The book honors the legacy of Bruno Ristau, a scholar and civil servant, who was one of the drafters of the Foreign Sovereign Immunities Act. Ristau’s treatise was a multivolume affair that was authoritative but that had become somewhat dated for the modern practitioner. And because it was a multivolume set not available online, consulting it meant (for me) a trip to the Social Law Library. The new edition, edited by David Bowker and David Stewart, is in a more useful one-volume format. Its chapters cover choice of law, choice of forum, proof of foreign law, and then the meat-and-potatoes Letters Blogatory topics: service, taking evidence, recognition and enforcement, and even legalization.

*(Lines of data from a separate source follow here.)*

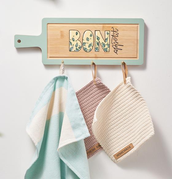 Give your kitchen an update with this decorative wall shelf! Practically decorated in natural colors, it is the ideal storage station for your towels and potholders.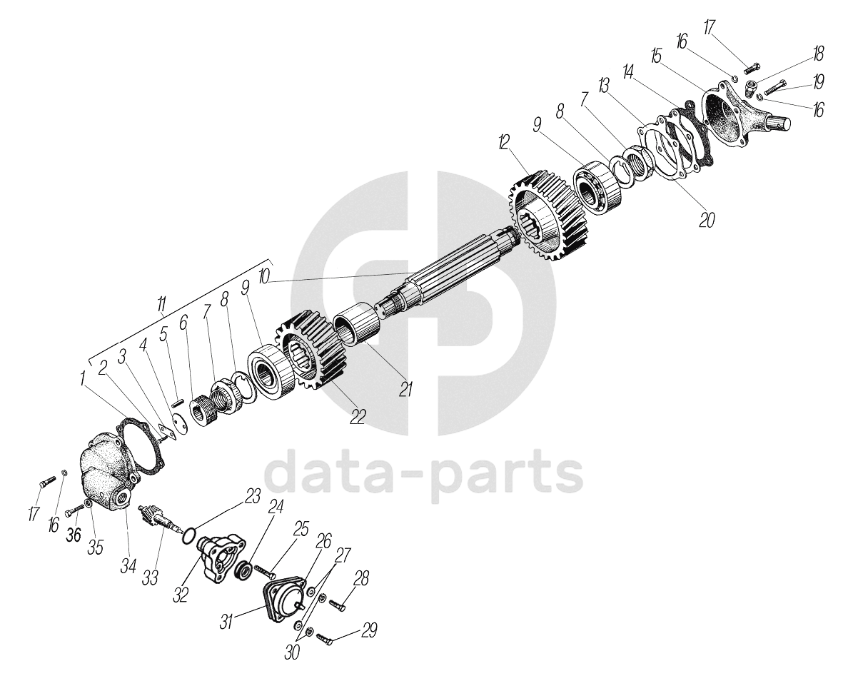 Промежуточный вал раздаточной коробки и привод спидометра УРАЛ-4320-1951-58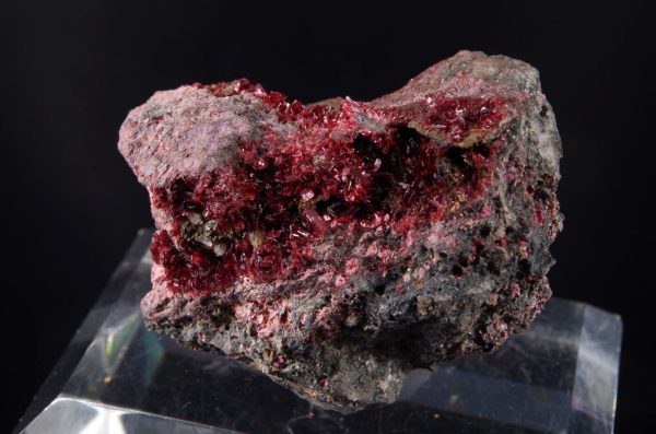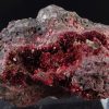 Jolie Erythrite parcourant la matrice présentant des cristallisations pourpres et brillantes.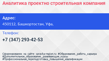 Аналитика, проектно-строительная компания по адресу 450112, Башкортостан, Уфа, в дальнейшем Организация, размещена в следующих категориях: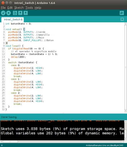 switch (botonState) { case 0: digitalWrite(2, HIGH); digitalWrite(3, LOW); digitalWrite(4, LOW); break; case 1: digitalWrite(2, LOW); digitalWrite(3, HIGH); digitalWrite(4, LOW); break; case 2: digitalWrite(2, LOW); digitalWrite(3, LOW); digitalWrite(4, HIGH); break; } Como ven, si "botonState" es igual a 1, entonces prende el led conectado al pin2, si es igual a 0, y el resto los apaga. Si es igual a 1, etonces prende el led del pin 3 y el resto los apaga, y así sucesivamente. Listo!

When I call the book “really useful,” I could mean a lot of things. I could mean John P. Sinnott’s A Practical Guide to Document Authentication, a really helpful book with country-by-country practical information about legalization of documents, which, with no disrespect intended, is filled with practical detail but has little if any doctrine or theory. I could mean the ABA desk treatise on International Aspects of US Litigation, to which I had the pleasure of contributing, and which is intended as a really useful guide for practitioners, written mostly by practitioners. I could mean Gary Born’s casebook on International Civil Litigation in United States Courts, which is like the Hart & Wechsler of our field. The new Ristau falls somewhere in the middle: scholarly (David Stewart is a professor at Georgetown Law, though he had a long and storied career in the State Department) but practical (David Bowker is the head of the international litigation group at WilmerHale). I have no doubt I’ll be consulting it regularly.
The book is available from Oxford University Press in hard cover and, of course, in electronic formats. You should get it!